Среди лиц, вполне прорисованных на страницах романа, выступает, конечно, Чарлз Гулд, англичанин, крупный предприниматель, владелец серебряных рудников, из-за которых, собственно, на Костагуане и закипает очередной переворот. Идеализм и материализм, как подчеркивает Конрад, соединились в натуре этого человека. «Идеализм» надо понимать в данном случае как служение идее, которой Чарлз Гулд по-своему до конца предан, однако он не замечает или не хочет замечать, что идея у него на редкость материальна и своекорыстна.

Чарлзу Гулду хочется думать, будто, преследуя свою выгоду, он в то же время благодетельствует другим, многим, всем, целой стране, которая без его рудников и без его прибылей вовсе не сможет существовать. Гулд согласен, пожалуй, рассматривать свое дело как зло, однако наименьшее зло, а потому и наибольшее благо для Костагуаны. Для него, как, впрочем, для большинства персонажей романа, считающих себя «патриотами», служить общему делу это значит приспосабливать по возможности общее дело к своим интересам. К такому же взгляду на вещи склонен покровитель и партнер Гулда американский миллионер, действующий издалека, откуда-то с одиннадцатого этажа своего небоскреба в Сан-Франциско. Этот «господин из Сан-Франциско» еще больший «идеалист», чем сам Гулд в том смысле, что он уж совсем не видит разницы между приумножением своего капитала и разговорами о «процветании Костагуаны».
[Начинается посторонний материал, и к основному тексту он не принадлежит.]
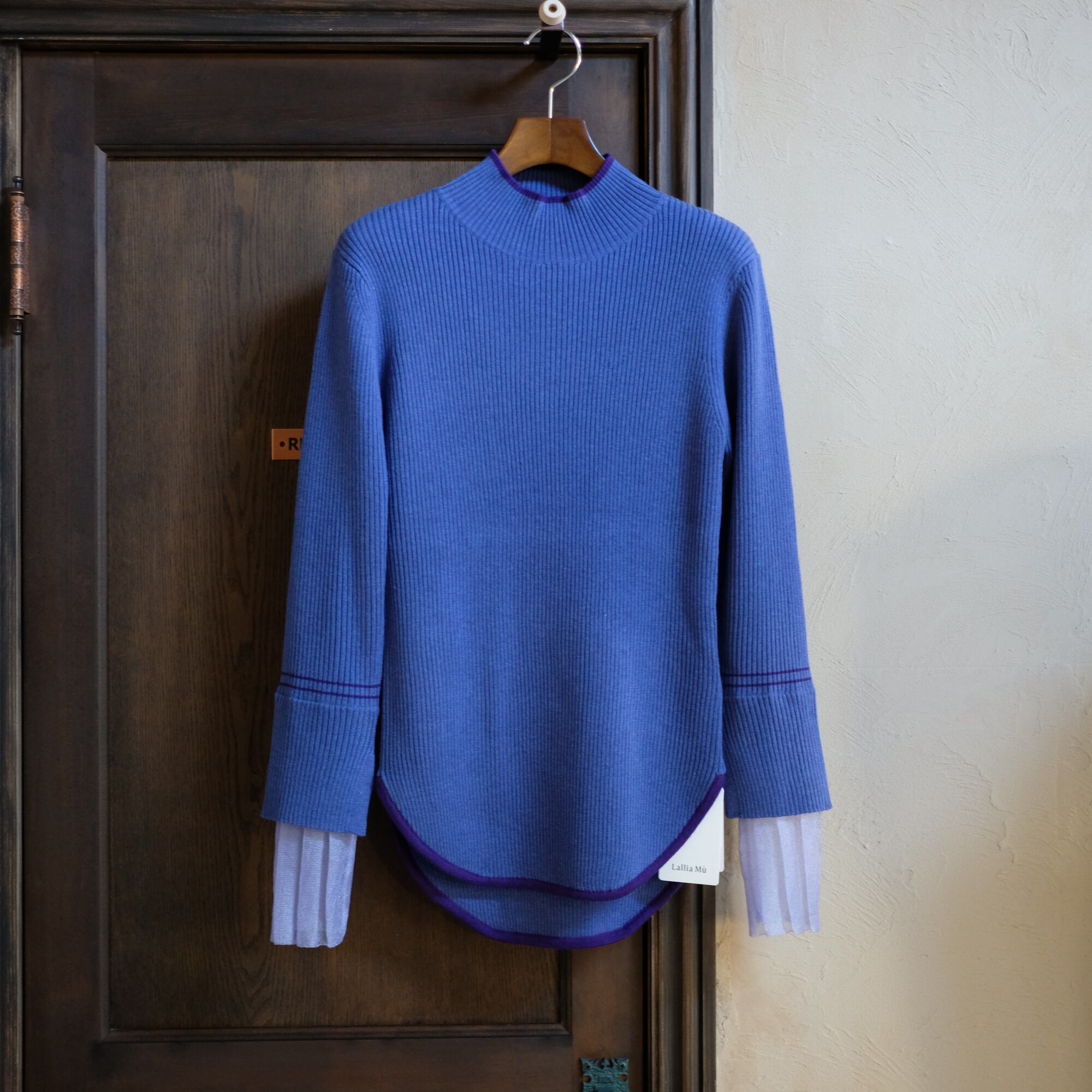 商品名:【Lallia Mu】シアープリーツカフハイネックリブニットプルオーバー
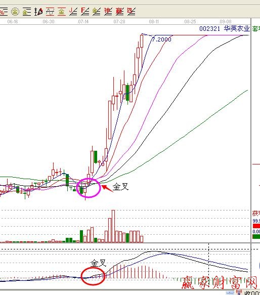 舉例說(shuō)明:002321在7月16日同時(shí)發(fā)出短期均線金叉形成多頭排列和MACD金叉信號(hào),這種‘上下同金叉信號(hào)’,更多的預(yù)示著一種看漲信號(hào)。同時(shí),成交量放大,在上下同金叉發(fā)出后,主力大單有大幅入倉(cāng)動(dòng)作,這種信號(hào)更進(jìn)一步加強(qiáng)了可能拉升的預(yù)期。隨后,10幾個(gè)交易日,該股確實(shí)發(fā)生了一波超過(guò)30%的拉升幅度。

Жадные руки, тянущиеся к Южной Америке из Северной, Конрад тоже заметил одним из первых. Но, надо признать, тут он мог бы сказать много больше. Вторжение североамериканского капитала на южноамериканский материк сопровождалось ведь не только разговорами о «процветании», но и подкреплялось «языком» пушек, о чем Конрад, конечно, читал в известных ему книгах и о Мексике и о Кубе.